In keeping with the non-competitive nature of the New York Film Festival (NYFF) which ran from September 17 to October 11, 2020, we assemble an alphabetic ranking of some of the finest films that screened at the fest.

Beginning

Dea Kulumbegashvili’s audacious debut, Beginning, shot in 1:33 aspect ratio is a meditative visual poem about breaking free of restrictions put in place by forces beyond any control. Yana (Ia Sukhitashvili) is a woman looking to flee the patriarchal subjugation of the Jehovah’s Witness community where she lives with her minister husband (co-writer Rati Oneli.) Challenging and intriguing at the same time, Beginning’s dark introspection, striking long takes and lack of camera movement recall the work of slow cinema maestro Carlos Reygadas.

The Calming

Song Fang’s The Calming, light on plot and heavy on visual technique manages to seduce with every frame. Her narrative is simple to the point of barely there and loosely autobiographical like. Fang surrogate Lin Tong (Qi Xi), a documentary filmmaker healing from a breakup moves between stunning locations in Japan, Hong Kong and China searching for meaning, or release.

City Hall

 

Think America has been taking the piss of late? Try watching veteran Frederick Wiseman’s epic 4.5hours documentary on the inner working of Boston’s city hall and feel hope anew. Demanding but rewarding, City Hall is a sprawling and inclusive reflection of a city and administration- led by mayor Marty Walsh-doing the best to live up to democratic principles.

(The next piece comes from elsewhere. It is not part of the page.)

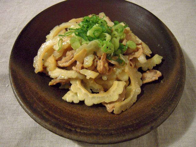 コックリさせようとオリーブ油を使いました。油が冷たいうちにショウガとニンニクの薄切りを入れて香りを出し、豚肉を入れてサッといためたところへ白ゴーヤの薄切り(歯ごたえを残すためにあまり薄くなく)を併せて炒め、塩少々、みりん、オイスターソース、胡椒で味付け。

Detailed, sober and endlessly inspiring despite the lengthy scenes and observational studies, City Hall is an urban progress report that considers a wide variety of government services and demonstrates democracy in action.

Days

Malaysian auteur and indie legend Tsai Ming-Liang reunites with his muse Lee Kang-sheng for this gentle look at a man grasping at human connection however it presents. There isn’t much by way of plot that happens in Days. Unless you consider a sequence of 10 minutes long patience-testing shots of men in several states of loneliness exciting stuff.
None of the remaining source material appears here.